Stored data
★ ★ ★ ★ ★ ★ ★
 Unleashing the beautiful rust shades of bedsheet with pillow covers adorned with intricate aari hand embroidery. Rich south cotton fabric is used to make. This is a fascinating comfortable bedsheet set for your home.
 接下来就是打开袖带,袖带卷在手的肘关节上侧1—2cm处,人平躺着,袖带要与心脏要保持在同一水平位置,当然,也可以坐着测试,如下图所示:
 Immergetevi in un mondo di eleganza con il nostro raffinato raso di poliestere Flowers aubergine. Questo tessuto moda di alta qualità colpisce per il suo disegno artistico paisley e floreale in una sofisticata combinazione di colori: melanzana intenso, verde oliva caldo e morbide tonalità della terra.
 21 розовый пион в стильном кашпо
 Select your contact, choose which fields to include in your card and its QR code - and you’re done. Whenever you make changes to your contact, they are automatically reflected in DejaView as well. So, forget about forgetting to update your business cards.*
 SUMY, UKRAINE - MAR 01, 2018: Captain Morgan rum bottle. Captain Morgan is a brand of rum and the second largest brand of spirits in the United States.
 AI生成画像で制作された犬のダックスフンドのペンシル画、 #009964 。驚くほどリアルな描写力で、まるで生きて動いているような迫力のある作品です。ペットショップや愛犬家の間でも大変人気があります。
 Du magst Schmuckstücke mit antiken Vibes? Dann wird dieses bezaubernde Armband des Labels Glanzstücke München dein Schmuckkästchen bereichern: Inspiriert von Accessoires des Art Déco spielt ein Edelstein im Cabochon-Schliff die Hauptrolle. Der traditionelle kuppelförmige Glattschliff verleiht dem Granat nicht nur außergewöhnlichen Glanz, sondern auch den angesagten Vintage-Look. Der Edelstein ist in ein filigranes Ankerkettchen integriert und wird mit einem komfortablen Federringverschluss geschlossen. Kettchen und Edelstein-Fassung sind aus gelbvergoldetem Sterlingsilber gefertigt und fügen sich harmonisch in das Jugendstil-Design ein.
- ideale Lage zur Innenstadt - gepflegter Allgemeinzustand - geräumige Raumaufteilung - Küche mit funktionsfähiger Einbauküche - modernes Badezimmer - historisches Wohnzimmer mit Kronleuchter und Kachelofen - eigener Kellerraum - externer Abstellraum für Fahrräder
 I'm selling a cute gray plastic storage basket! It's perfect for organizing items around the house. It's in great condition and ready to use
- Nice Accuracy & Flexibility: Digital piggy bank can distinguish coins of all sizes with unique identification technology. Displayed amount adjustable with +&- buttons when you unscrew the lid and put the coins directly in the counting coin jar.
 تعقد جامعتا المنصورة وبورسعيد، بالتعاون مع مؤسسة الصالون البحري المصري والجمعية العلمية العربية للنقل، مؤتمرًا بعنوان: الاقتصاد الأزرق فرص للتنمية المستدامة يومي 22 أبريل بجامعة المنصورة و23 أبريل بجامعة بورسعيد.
★ ★ ★ ★ ★ ★ ★
Work request -> Out of the records above, pull the lines that include the word "your".

Written response ->
 Unleashing the beautiful rust shades of bedsheet with pillow covers adorned with intricate aari hand embroidery. Rich south cotton fabric is used to make. This is a fascinating comfortable bedsheet set for your home.
 Select your contact, choose which fields to include in your card and its QR code - and you’re done. Whenever you make changes to your contact, they are automatically reflected in DejaView as well. So, forget about forgetting to update your business cards.*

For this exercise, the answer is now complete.